> **WORK ORDER**:
Take the line that contains "Затем всыпать просеянную" as the start and the last line of the entries as the end, and print both and everything between them exactly, without the pictures.

== Segment start ==

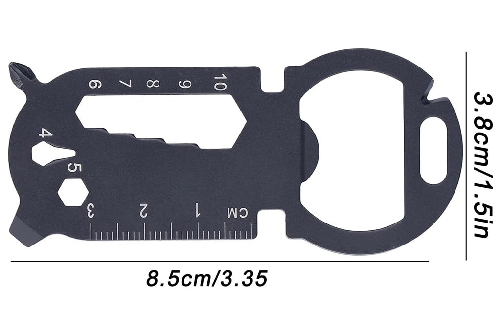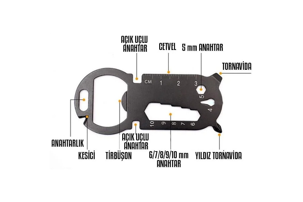 Yalnızca 2 mm kalınlığında olan bu çok fonksiyonlu anahtarlık, pantolonunuzun en küçük cebine ya da cüzdanınıza rahatlıkla sığabilecek ultra ince tasarımıyla öne çıkar. Mat siyah paslanmaz çelik malzemesi sayesinde hem dayanıklı hem de şık bir kullanım sunar. Hafif yapısı ve kompakt boyutlarıyla ister şehirde ister doğada yanınızdan ayırmak istemeyeceğiniz bir araçtır.
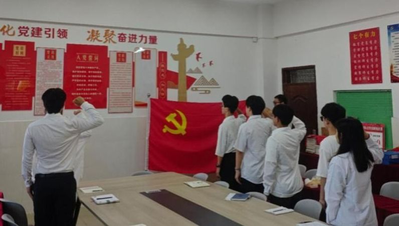 党课结束后,全体毕业生党员面向鲜红党旗庄严宣誓,重温入党初心,砥砺使命担当。
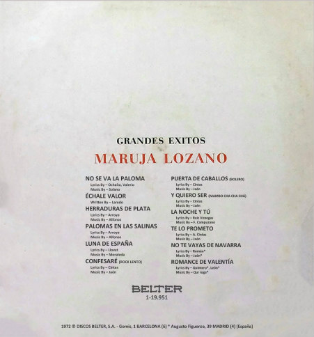 En 1961 firma un contrato con la discográfica Belter, para la que graba su primer EP acompañada por las guitarras de Paquito Simón y Manolo Díaz con coplas como "No se va la paloma [blanca]", "Échale valor", "Herraduras y plata" y "Palomas en las salinas". Tan solo un año más tarde, en 1962, publica su segundo disco y el que recuperamos para hoy acompañada por la Orquesta Belter con el bolero español "La luna y el toro" (siendo ella su verdadera creadora y primera intérprete), el pasodoble "Sierra rondeña", los tientos "Maldita baraja" y el tanguillo "El carro de la taranta". En marzo de ese mismo año, Manolo Escobar le ofrece un contrato y debuta junto a él en el Teatro Cervantes de Madrid con el espectáculo Canto con mis guitarras, todo un éxito de taquilla.
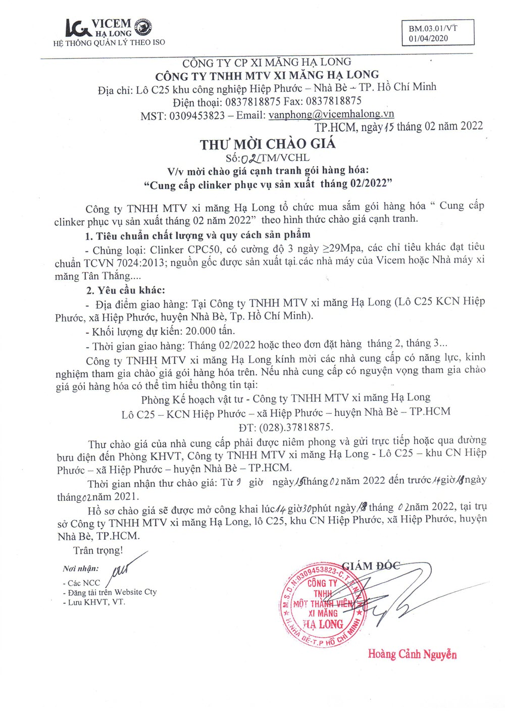 Thư mời chào giá cạnh tranh gói hàng hóa “Cung cấp Clinker phục vụ sản xuất tháng 02/2022”
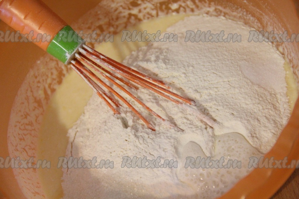 Затем всыпать просеянную муку. Добавить соль, сахар и разрыхлитель. Соду погасить лимонной кислотой или уксусом. Добавить соду в тесто.
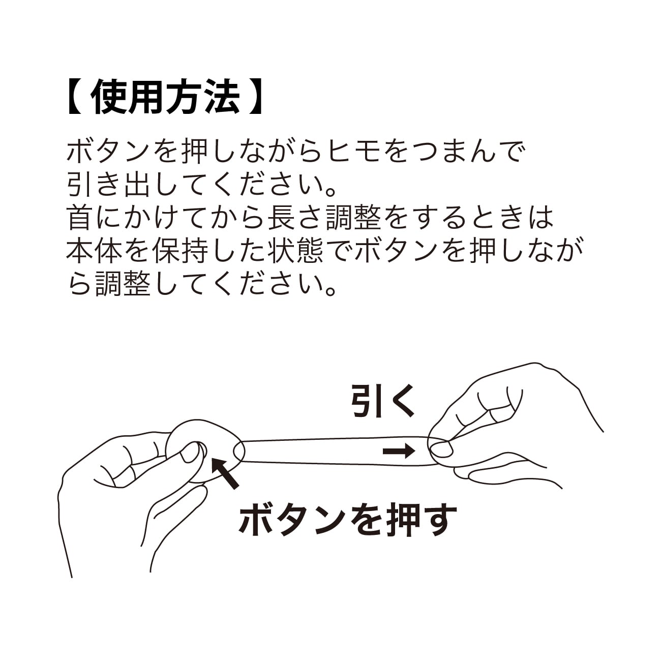 ボタンひとつで紐部分(ストラップ)の長さを自由に調整・固定することができ、必要な時だけ、必要な長さに調整できる使い勝手の良さが特徴。

== Segment end ==

> **EXERCISE ANSWER**:
 Затем всыпать просеянную муку. Добавить соль, сахар и разрыхлитель. Соду погасить лимонной кислотой или уксусом. Добавить соду в тесто.
 ボタンひとつで紐部分(ストラップ)の長さを自由に調整・固定することができ、必要な時だけ、必要な長さに調整できる使い勝手の良さが特徴。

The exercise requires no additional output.